Said Adam Scott, who occupies the same No. 1 world ranking that Woods owned for so many weeks, months and years: "He generates so much interest. So I'm happy to see that. ... So he'll be wanting to take his spot back at the top."

Golf was fine without Woods. It will be fine after he calls it quits 10 to 15 years from now. But golf is always more compelling with him in a major than out of it.

Woods isn't the outright betting favorite this week at Royal Liverpool. That would be  Rory McIlroy at 12-1, but he's followed by six players, including Woods, at 16-1. Think about that for a moment. He has played two competitive rounds since March 31, and he's still getting lower odds than Mickelson, Jordan Spieth, Matt Kuchar and Dustin Johnson.

But strange things can happen at an Open Championship. Darren Clarke winning at Sandwich in 2011 can happen. Tom Watson, at age 59, almost winning at Turnberry in 2009 can happen. Todd Hamilton at Troon in 2004, and Ben Curtis at Sandwich in 2003 can happen.

"I've gotten stronger since [the surgery]," Woods said. "I've gotten more explosive. I've gotten faster since then. ... I'm only going to get strong and faster, which is great."

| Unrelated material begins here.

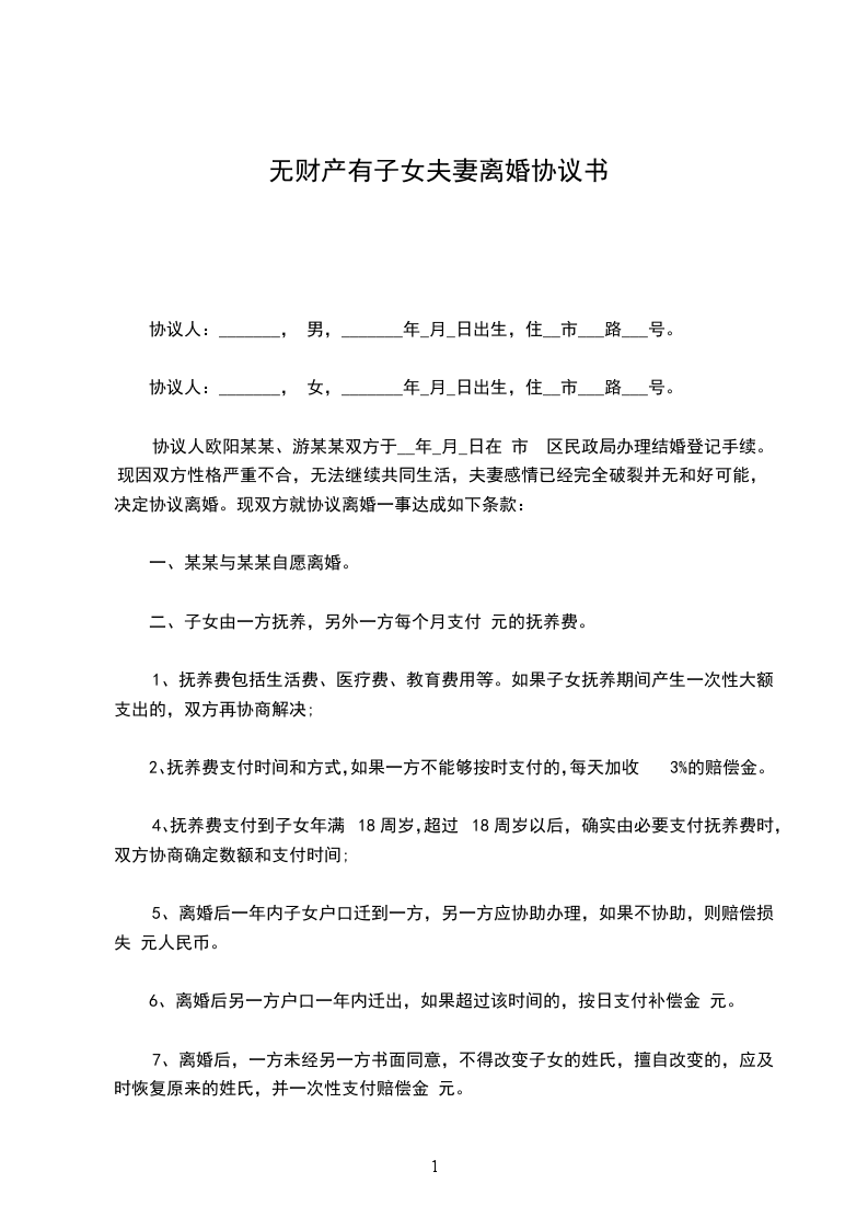 2、儿子/女儿___________取名_________________ ,离婚后由___________男方/女方抚养,由___________女方/男方每月给付抚养费 ___________元,在每月 ___________号前付清,直至付到 ___________18周岁止。
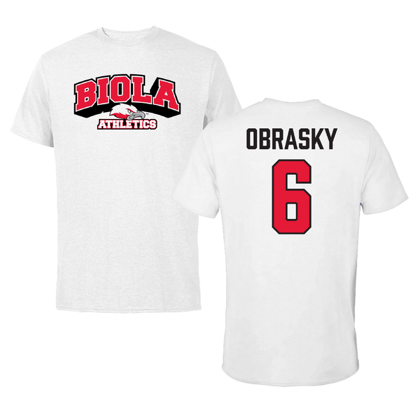 Biola University Baseball White Tee - #6 Jack Obrasky

That's nice. But if playing at Congressional was a baby step, then playing at Royal Liverpool is a slow jog. It means something but not everything. It means the comeback continues. Or, as Woods likes to say, "a process."

A Woods win this week would nudge ahead of Watson's improbable AARP-ish near victory and lap the rest of the names on that list. It would be memorable, indelible, a full chapter for his memoir -- if he ever writes one.

I'm rooting for it. It would be the best story on a tee sheet full of cool stories. (Mickelson going back-to-back on Claret Jugs?  Justin Rose going for three wins in a row? Martin Kaymer going for back-to-back Opens -- U.S. and British?)

But if it doesn't happen, there's no reason to start hyperventilating again. It doesn't mean Woods is a shadow of a shadow of himself. It doesn't mean he's washed up at 38 or that he's quit caring.

All it really means is that he's still recovering from back surgery. That his body and swing are trying to catch up to his motivation. That it's harder to win today than it was in 2006.

On Tuesday, someone asked Woods what has gotten more of a reaction in the past: the green jackets he has won at the Masters or the Claret Jugs he has won at the Open Championship.

"I think that more people wanted to drink out of the Jug," he said.

Woods would like to do the same come Sunday night. That's his version of an acceptable finish. Chug from the Jug or bust.

It's an admirable goal, but not necessary. Not this week.